Stored items from a collection:
[Start of Attachment]

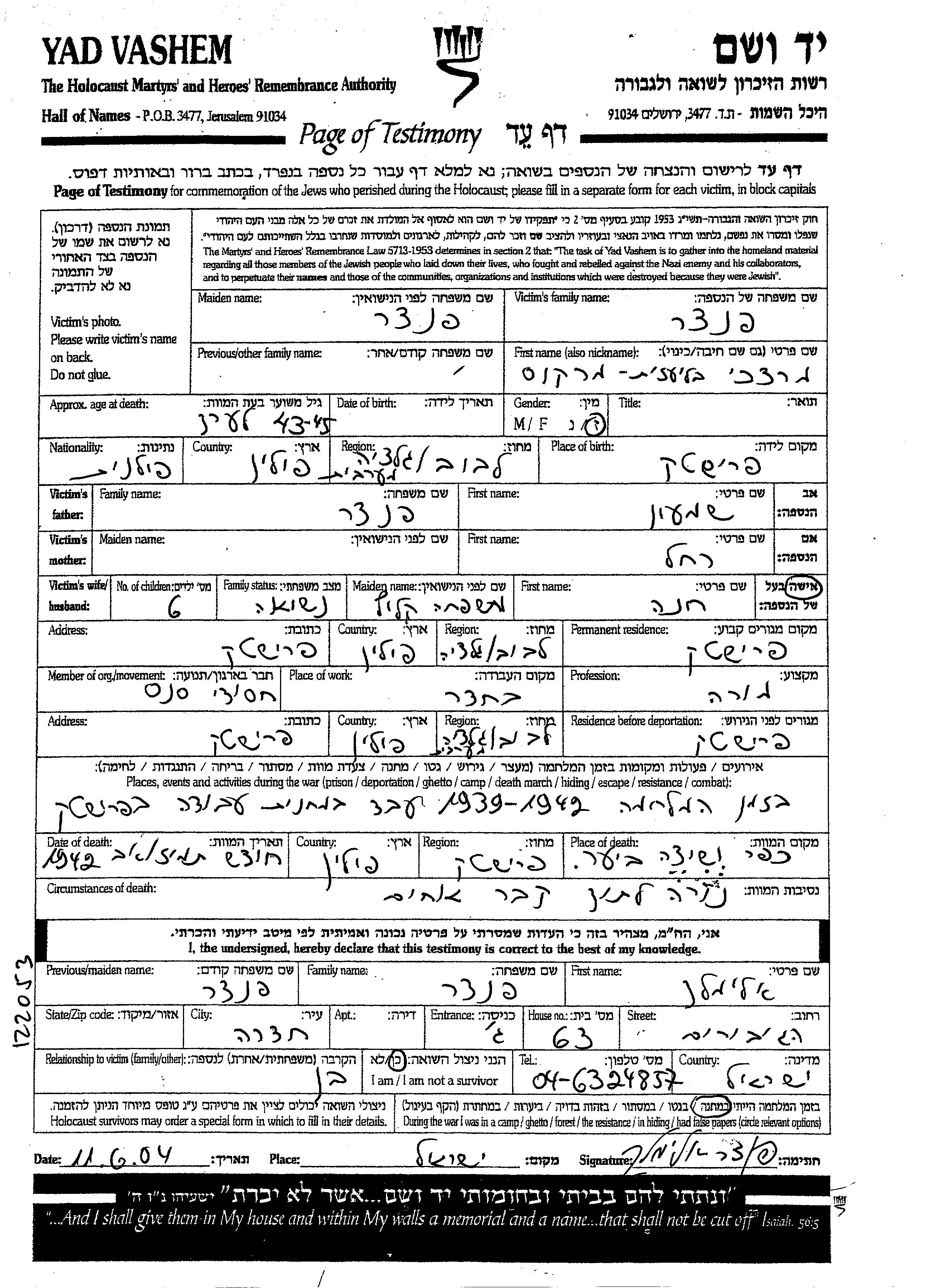 Mordekhai Markus Pantzer wurde in Frisztak, Polen geboren. Er war der Sohn von Shimon und Rakhel. Er war Religious elementary school teacher und mit Khana, geb. Klif Verheiratet. Vor dem Zweiten Weltkrieg lebte er in Frisztak, Polen. Während des Krieges war er in Frisztak, Polen.
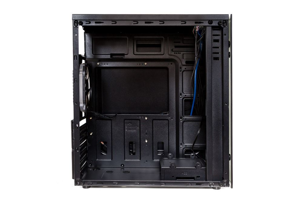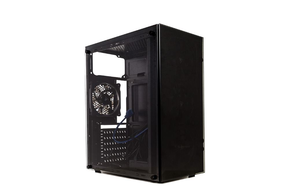 Segotep And 8 Black Case, SPCC Steel ATX Mid Tower, fara sursa (montata sus), interior vopsit negru, 2x 2.5”(intern), 2x 3.5” (intern), spate – 1x 120mm Blue LED Fan (inclus), fata – 3x 120mm Blue LED Fan (inclus), 1x USB3.0, 2x USB 2.0, HD Audio, ATX / Micr ATX, design premium cu panou lateral si fata din sticla securizata, sloturi expansiune: x7, inaltime maxima cooler procesor: 155mm, lungima maxima placa video: 310mm, dimensiuni (WxHxD): 188x369x422mm
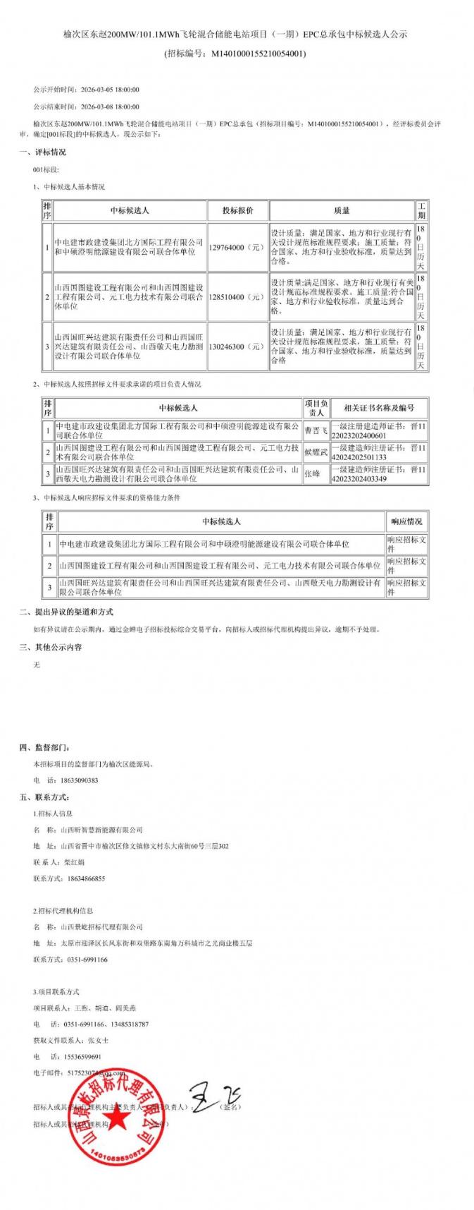 第一中标候选人为中电建市政建设集团北方国际工程有限公司和中硕澄明能源建设有限公司联合体单位,投标报价为129764000元;第二中标候选人为山西国图建设工程有限公司和山西国图建设工程有限公司、元工电力技术有限公司联合体单位,投标报价为128510400元;第三中标候选人为山西国旺兴达建筑有限责任公司和山西国旺。兴达建筑有限责任公司、山西敬天电力勘测设计有限公司联合体单位,投标报价为130246300元。
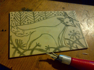 Here we have the limited edition lino cut christmas card, I have just listed them in my etsy shop now if you fancy taking a closer peep. ( My etsy shop is in the side bar )
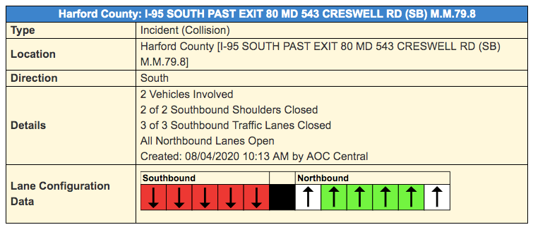 The crash happened before 10:15 a.m. on I-95 south past the exit for MD 543.
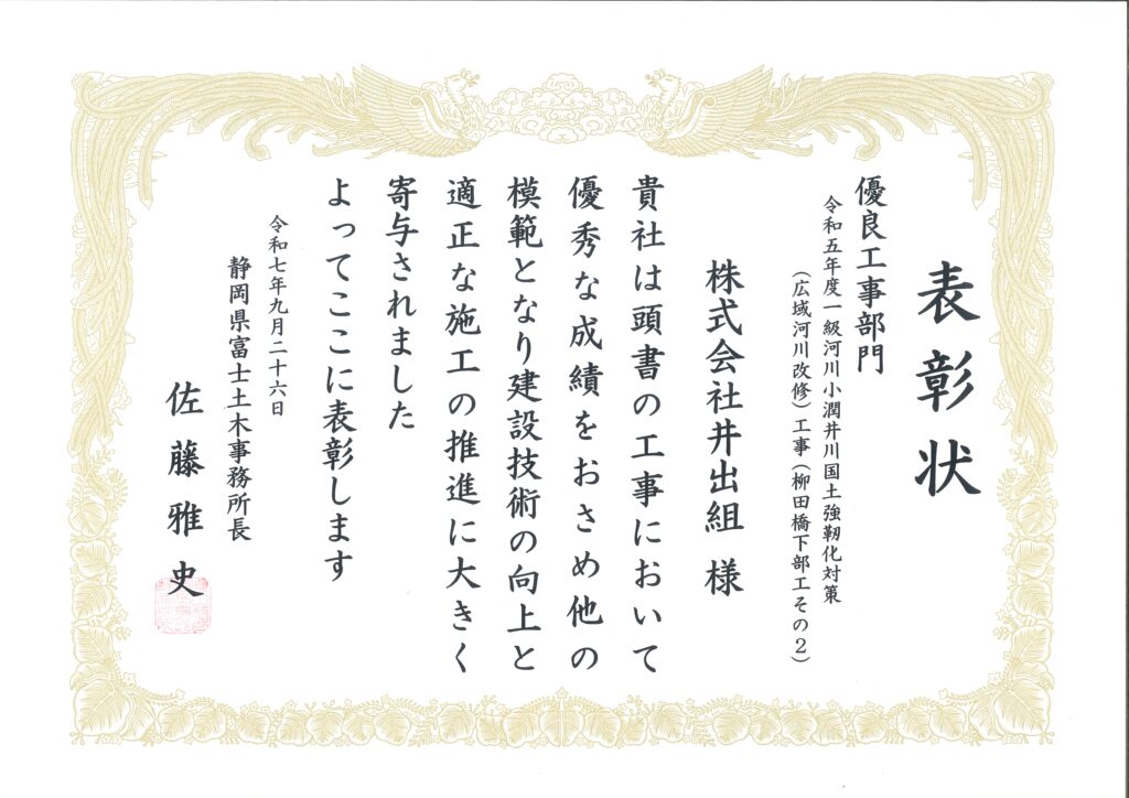 この度、静岡県富士土木事務所発注の「令和5年度一級河川小潤井川国土強靭化対策(広域河川改修)工事(柳田橋下部工その2)」において、優良工事表彰を受賞しました。
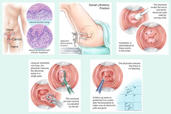 宮頸電熱圈環切術 (LEEP) 是目前國內最先進的治療宮頸疾病的手段。此法通過環行金屬絲(圈電極)傳導高頻交流電,利用高頻電流所特有的干燥脫水效應、電弧切割效應來對電極接觸的組織進行快速切開。
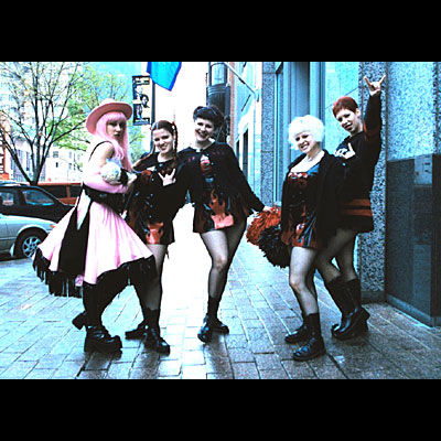 We crossed the street to the Frog Design party. Frog Design had the good taste to book the Flametrick Subs together with the Satan's Cheerleaders. What a fucking show! I'd forgotten how good it was to see them together. I had a fantastic time as can probably be seen from this image of me gettin' down with Lucky Dukes. (I wonder if Lucky was feelin' texy, 'cuz Tex was definitly feelin' Lucky!)
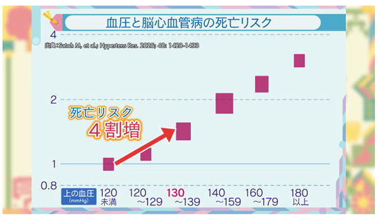 降圧薬を飲んでいない5万8,000人を10年間、追跡した最新研究によると、上の血圧が120mmHg未満の人に比べて、130〜139mmHgの人では、脳心血管病の死亡リスクが4割も上昇することがわかったからだそうだ。
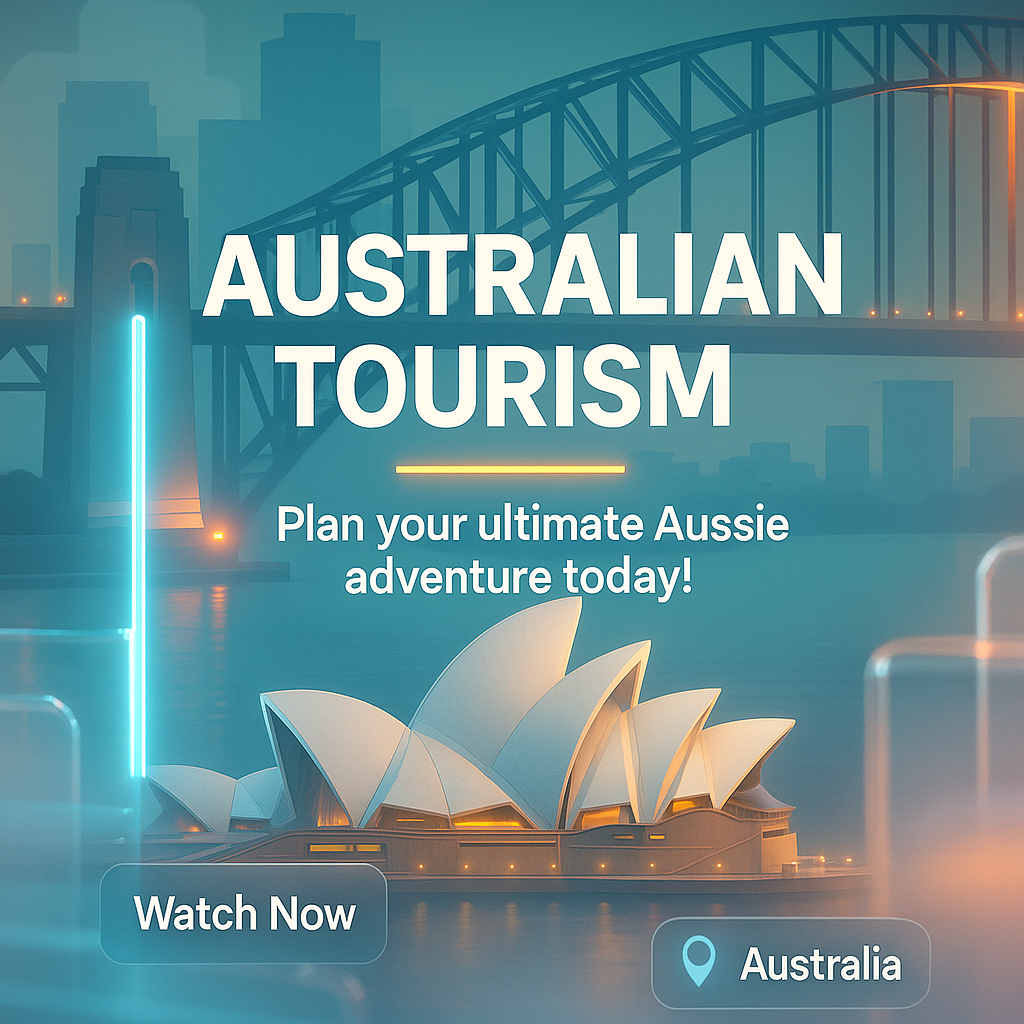 Promotional Graphic for Australian Tourism with Iconic Landmarks
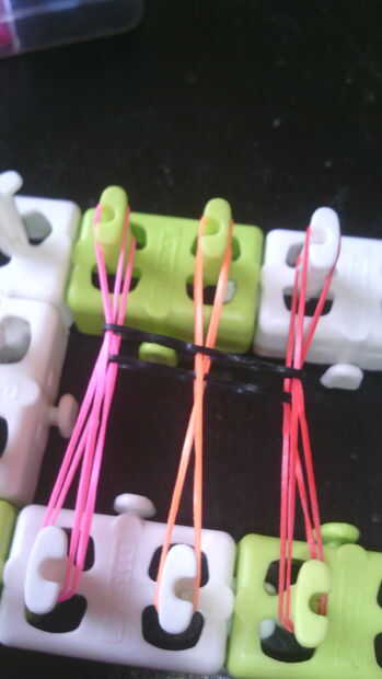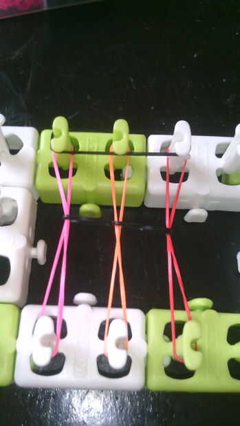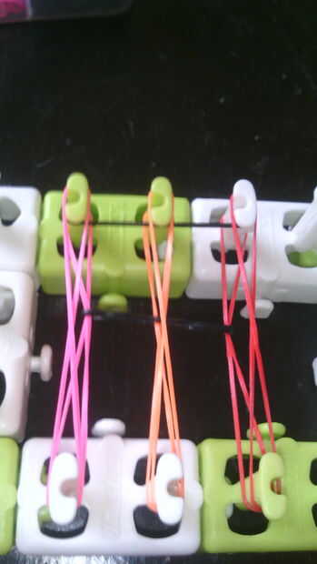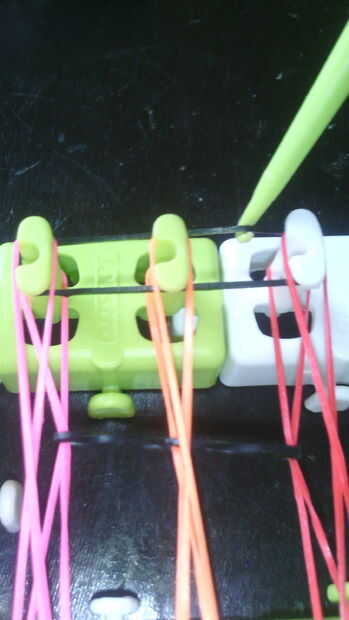 Paso 1: Comenzar la pulsera Primero usted tiene que asegurarse de que las flechas de su telar son hacia arriba y poner las bandas en el lado derecho hacia arriba y hacerlo hasta que la izquierda derecha y centro se llenan de bandas. Pero no las clavi
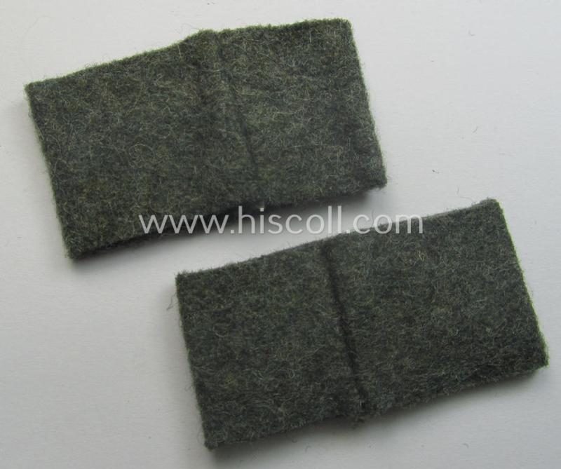 This is an attractive - fully matching and fairly scarcely found! - pair of WH (Heeres) 'Infanterie'-related, so-called: regimental-shoulderstrap-'slip-ons' (ie. 'Schulterstück-Überschuben') as was intended for usage by a: 'Soldat des Infanterie-Regiments 417' and that comes in a wonderful- (and I deem simply never worn- nor used-), condition. The pair is neatly 'machine-stitched'-embroidered in the typical white- (ie. 'weisser'-) coloured wool (as done in Latin-styled, so-called: 'Machinestickerei) and does show some minimal storage-age only. Simply an attractive pair of 'Infanterie'-related 'Überschuben' that is - I deem - accordingly priced: great to 'decorate' a pair of 'weisser'-piped 'Heeres'-shoulderstraps or ideally fitted to keep in any insignia-collection!

[End of Attachment]

**Aim of the task**
Give an exact copy of the entries, excluding all pictures.

**Completed task**
 Mordekhai Markus Pantzer wurde in Frisztak, Polen geboren. Er war der Sohn von Shimon und Rakhel. Er war Religious elementary school teacher und mit Khana, geb. Klif Verheiratet. Vor dem Zweiten Weltkrieg lebte er in Frisztak, Polen. Während des Krieges war er in Frisztak, Polen.
 Segotep And 8 Black Case, SPCC Steel ATX Mid Tower, fara sursa (montata sus), interior vopsit negru, 2x 2.5”(intern), 2x 3.5” (intern), spate – 1x 120mm Blue LED Fan (inclus), fata – 3x 120mm Blue LED Fan (inclus), 1x USB3.0, 2x USB 2.0, HD Audio, ATX / Micr ATX, design premium cu panou lateral si fata din sticla securizata, sloturi expansiune: x7, inaltime maxima cooler procesor: 155mm, lungima maxima placa video: 310mm, dimensiuni (WxHxD): 188x369x422mm
 第一中标候选人为中电建市政建设集团北方国际工程有限公司和中硕澄明能源建设有限公司联合体单位,投标报价为129764000元;第二中标候选人为山西国图建设工程有限公司和山西国图建设工程有限公司、元工电力技术有限公司联合体单位,投标报价为128510400元;第三中标候选人为山西国旺兴达建筑有限责任公司和山西国旺。兴达建筑有限责任公司、山西敬天电力勘测设计有限公司联合体单位,投标报价为130246300元。
 Here we have the limited edition lino cut christmas card, I have just listed them in my etsy shop now if you fancy taking a closer peep. ( My etsy shop is in the side bar )
 The crash happened before 10:15 a.m. on I-95 south past the exit for MD 543.
 この度、静岡県富士土木事務所発注の「令和5年度一級河川小潤井川国土強靭化対策(広域河川改修)工事(柳田橋下部工その2)」において、優良工事表彰を受賞しました。
 宮頸電熱圈環切術 (LEEP) 是目前國內最先進的治療宮頸疾病的手段。此法通過環行金屬絲(圈電極)傳導高頻交流電,利用高頻電流所特有的干燥脫水效應、電弧切割效應來對電極接觸的組織進行快速切開。
 We crossed the street to the Frog Design party. Frog Design had the good taste to book the Flametrick Subs together with the Satan's Cheerleaders. What a fucking show! I'd forgotten how good it was to see them together. I had a fantastic time as can probably be seen from this image of me gettin' down with Lucky Dukes. (I wonder if Lucky was feelin' texy, 'cuz Tex was definitly feelin' Lucky!)
 降圧薬を飲んでいない5万8,000人を10年間、追跡した最新研究によると、上の血圧が120mmHg未満の人に比べて、130〜139mmHgの人では、脳心血管病の死亡リスクが4割も上昇することがわかったからだそうだ。
 Promotional Graphic for Australian Tourism with Iconic Landmarks
 Paso 1: Comenzar la pulsera Primero usted tiene que asegurarse de que las flechas de su telar son hacia arriba y poner las bandas en el lado derecho hacia arriba y hacerlo hasta que la izquierda derecha y centro se llenan de bandas. Pero no las clavi
 This is an attractive - fully matching and fairly scarcely found! - pair of WH (Heeres) 'Infanterie'-related, so-called: regimental-shoulderstrap-'slip-ons' (ie. 'Schulterstück-Überschuben') as was intended for usage by a: 'Soldat des Infanterie-Regiments 417' and that comes in a wonderful- (and I deem simply never worn- nor used-), condition. The pair is neatly 'machine-stitched'-embroidered in the typical white- (ie. 'weisser'-) coloured wool (as done in Latin-styled, so-called: 'Machinestickerei) and does show some minimal storage-age only. Simply an attractive pair of 'Infanterie'-related 'Überschuben' that is - I deem - accordingly priced: great to 'decorate' a pair of 'weisser'-piped 'Heeres'-shoulderstraps or ideally fitted to keep in any insignia-collection!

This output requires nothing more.